Albatros-S

Class overview
- Name: Albatros-S
- Builders: Aselsan
- Operators: Turkish Navy

General characteristics Albatros-S
- Type: Unmanned surface vehicle
- Length: 7.20 m (23.6 ft)
- Beam: 2 m (6 ft 7 in)
- Speed: 40 kn (74 km/h; 46 mph)
- Range: 200 nmi (370 km; 230 mi)

= Aselsan Albatros-S =

Turkish unmanned combat surface vessel

Albatros-S is a Turkish unmanned surface vessel (USV) swarm of the Turkish Navy developed by the Turkish defense company Aselsan.

== History ==
The USV Albatros-S (Albatros-S İnsansız Deniz Aracı, Albatros-S İDA) was developed by the Turkish state-owned defense company Aselsan for the needs of the Turkish Naval Forces. The USV can attack targets in swarm of eight.

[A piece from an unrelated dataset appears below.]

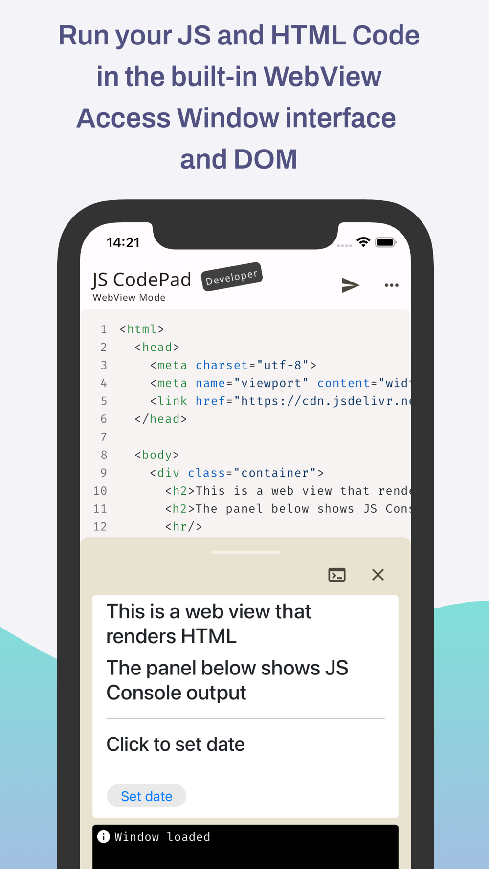 - Write and execute JavaScript code with syntax highlighting and auto-indentation.

In October 2023, a test firing was carried out off Mersin coast in the Mediterranean Sea, at which the target was destroyed when the explosive of Roketsan contained in the USV hit the target on the sea at a high speed and detonated, in the role of a suicide attack (Kamikaze) craft.

== Characteristics ==
 Albatros-S is an unmanned marine vehicle swarm system that has a high level of autonomy and can navigate and perform tasks in a swarm formation independent of central control. She can operate in reconnaissance and surveillance, engaging the Target with single or multiple crafts, coast guard patrol and assault, base/port defense.

She features autonomous navigation, task ability to perform solo or swarm, avoiding Fixed and moving obstacles and new route creating, high ppeed and maneuverability, low radar and infrared cross section, navigational radar, anti–jam GNSS System.

She is 7.20 m long, and has a beam of 2 m. She weighs 1955 kg and is capable of carrying 250 kg payload. She can cruise at a speed of 40 knot within a range of 200 nmi in total operation time of 10 hours.

She features network radio frequency communication system, narrow-bandwidth satellite communication system and 4.5 G/LTE Communication System.